#### Your task
The line containing "Pernyataan Publikasi Merry" marks where to begin; quote it and every line after it through the end of the data, exactly as written.

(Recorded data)
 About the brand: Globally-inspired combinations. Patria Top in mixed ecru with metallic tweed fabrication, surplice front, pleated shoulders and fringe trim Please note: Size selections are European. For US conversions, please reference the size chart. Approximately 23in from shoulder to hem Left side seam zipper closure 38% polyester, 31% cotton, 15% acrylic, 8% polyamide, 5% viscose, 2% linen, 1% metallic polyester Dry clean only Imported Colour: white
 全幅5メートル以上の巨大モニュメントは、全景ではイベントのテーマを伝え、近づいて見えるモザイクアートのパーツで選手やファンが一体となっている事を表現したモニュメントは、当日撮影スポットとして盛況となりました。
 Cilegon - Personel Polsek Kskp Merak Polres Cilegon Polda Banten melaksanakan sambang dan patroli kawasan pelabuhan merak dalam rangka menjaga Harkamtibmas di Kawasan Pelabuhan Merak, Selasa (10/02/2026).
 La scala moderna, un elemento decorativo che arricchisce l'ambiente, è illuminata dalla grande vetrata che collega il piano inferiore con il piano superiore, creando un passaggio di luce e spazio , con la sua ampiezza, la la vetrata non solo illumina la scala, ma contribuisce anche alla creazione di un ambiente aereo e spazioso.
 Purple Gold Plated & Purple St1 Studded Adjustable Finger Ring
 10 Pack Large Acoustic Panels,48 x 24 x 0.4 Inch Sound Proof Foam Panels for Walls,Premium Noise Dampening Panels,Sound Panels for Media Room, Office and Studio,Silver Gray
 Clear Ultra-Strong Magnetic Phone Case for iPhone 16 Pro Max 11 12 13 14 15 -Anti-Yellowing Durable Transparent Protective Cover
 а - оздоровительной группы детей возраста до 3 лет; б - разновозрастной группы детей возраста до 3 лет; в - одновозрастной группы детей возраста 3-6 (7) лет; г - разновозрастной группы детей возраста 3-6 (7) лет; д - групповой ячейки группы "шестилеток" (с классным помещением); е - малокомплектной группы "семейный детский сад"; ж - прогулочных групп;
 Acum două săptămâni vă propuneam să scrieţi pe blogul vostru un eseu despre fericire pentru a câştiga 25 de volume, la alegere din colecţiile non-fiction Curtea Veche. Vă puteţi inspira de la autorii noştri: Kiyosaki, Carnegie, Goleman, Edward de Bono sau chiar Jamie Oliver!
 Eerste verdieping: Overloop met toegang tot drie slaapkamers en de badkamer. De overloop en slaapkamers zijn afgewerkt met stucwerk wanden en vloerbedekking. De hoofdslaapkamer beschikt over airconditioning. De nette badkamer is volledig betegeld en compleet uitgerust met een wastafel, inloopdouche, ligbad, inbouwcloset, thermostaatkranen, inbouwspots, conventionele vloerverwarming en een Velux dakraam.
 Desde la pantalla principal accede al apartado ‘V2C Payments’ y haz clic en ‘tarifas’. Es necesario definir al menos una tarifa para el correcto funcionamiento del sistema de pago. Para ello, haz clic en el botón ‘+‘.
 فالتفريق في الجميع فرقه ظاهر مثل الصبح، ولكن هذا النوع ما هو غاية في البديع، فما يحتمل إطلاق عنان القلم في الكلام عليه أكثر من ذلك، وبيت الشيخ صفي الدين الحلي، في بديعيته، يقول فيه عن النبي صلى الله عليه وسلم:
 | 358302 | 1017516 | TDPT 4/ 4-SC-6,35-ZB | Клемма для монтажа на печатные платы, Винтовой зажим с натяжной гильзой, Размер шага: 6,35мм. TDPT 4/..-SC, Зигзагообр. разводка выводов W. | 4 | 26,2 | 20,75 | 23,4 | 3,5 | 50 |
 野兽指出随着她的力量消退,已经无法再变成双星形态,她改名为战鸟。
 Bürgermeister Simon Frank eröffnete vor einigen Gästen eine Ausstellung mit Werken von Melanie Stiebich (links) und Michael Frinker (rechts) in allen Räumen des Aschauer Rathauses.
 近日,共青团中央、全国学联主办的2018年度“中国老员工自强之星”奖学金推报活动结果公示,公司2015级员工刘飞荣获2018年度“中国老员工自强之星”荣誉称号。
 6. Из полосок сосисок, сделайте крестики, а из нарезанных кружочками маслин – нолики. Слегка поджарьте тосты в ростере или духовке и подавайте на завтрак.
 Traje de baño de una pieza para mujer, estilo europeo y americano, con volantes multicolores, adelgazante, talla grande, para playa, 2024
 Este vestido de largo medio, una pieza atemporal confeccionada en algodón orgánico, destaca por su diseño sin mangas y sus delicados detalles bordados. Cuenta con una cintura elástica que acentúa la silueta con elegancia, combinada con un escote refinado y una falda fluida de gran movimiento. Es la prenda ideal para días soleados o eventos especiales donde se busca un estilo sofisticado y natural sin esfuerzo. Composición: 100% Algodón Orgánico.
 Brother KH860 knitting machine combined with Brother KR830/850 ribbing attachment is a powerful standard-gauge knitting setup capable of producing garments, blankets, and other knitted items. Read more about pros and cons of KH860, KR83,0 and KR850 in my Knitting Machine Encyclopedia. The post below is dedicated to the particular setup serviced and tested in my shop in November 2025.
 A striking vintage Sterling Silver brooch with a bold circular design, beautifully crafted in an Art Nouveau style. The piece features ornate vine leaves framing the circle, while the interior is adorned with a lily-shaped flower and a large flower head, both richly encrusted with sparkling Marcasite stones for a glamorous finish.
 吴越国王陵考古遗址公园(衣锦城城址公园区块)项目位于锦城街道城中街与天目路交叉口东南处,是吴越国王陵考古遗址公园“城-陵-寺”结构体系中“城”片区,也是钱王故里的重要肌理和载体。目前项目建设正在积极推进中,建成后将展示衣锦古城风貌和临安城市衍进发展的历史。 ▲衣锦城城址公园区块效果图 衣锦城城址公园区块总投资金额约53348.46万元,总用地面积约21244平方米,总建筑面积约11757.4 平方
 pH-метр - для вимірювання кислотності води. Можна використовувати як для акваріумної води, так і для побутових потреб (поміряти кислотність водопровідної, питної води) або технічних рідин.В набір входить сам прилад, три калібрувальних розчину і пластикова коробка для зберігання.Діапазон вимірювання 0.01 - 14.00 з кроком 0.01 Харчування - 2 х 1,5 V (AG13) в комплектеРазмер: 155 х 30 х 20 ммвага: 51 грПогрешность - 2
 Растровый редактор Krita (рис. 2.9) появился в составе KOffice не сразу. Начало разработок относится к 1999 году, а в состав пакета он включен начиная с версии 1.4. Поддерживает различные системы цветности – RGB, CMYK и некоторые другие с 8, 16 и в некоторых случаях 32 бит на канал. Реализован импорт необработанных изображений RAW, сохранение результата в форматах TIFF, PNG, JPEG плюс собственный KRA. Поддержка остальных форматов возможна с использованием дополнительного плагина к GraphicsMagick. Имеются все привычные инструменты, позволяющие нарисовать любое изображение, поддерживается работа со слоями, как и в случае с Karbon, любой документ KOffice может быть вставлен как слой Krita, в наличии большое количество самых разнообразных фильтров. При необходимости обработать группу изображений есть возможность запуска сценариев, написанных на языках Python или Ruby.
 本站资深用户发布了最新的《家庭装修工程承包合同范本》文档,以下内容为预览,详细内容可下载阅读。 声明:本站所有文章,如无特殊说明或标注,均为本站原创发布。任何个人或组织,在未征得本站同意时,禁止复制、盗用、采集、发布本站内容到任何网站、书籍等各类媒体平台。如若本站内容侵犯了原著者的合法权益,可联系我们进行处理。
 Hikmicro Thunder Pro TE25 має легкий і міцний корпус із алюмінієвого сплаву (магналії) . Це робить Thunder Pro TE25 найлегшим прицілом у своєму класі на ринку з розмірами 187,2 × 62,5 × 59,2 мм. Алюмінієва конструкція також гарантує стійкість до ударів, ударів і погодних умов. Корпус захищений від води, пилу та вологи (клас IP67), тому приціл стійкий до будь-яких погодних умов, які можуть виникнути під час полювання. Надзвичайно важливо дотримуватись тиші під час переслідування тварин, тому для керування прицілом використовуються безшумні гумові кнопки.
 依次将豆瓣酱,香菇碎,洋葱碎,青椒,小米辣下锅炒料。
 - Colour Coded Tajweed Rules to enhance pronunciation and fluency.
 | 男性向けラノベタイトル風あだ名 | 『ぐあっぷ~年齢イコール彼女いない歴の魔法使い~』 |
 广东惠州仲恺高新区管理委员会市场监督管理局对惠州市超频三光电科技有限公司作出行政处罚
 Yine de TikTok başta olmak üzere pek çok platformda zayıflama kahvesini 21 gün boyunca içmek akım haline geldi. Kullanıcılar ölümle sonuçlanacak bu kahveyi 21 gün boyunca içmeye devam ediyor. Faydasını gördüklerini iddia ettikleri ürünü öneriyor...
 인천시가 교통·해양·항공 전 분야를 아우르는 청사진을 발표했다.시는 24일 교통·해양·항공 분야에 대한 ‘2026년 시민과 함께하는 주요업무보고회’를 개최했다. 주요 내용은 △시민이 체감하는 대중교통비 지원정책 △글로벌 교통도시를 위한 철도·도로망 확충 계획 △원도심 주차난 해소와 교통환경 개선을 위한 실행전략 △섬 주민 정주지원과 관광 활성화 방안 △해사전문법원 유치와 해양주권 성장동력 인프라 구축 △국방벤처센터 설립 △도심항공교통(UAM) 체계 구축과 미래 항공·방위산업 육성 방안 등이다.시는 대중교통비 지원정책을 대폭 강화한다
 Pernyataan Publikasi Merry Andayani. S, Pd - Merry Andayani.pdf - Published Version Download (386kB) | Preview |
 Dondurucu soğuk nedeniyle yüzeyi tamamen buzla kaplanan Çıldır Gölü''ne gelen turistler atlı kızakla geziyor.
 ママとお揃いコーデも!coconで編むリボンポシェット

#### Response
 Pernyataan Publikasi Merry Andayani. S, Pd - Merry Andayani.pdf - Published Version Download (386kB) | Preview |
 Dondurucu soğuk nedeniyle yüzeyi tamamen buzla kaplanan Çıldır Gölü''ne gelen turistler atlı kızakla geziyor.
 ママとお揃いコーデも!coconで編むリボンポシェット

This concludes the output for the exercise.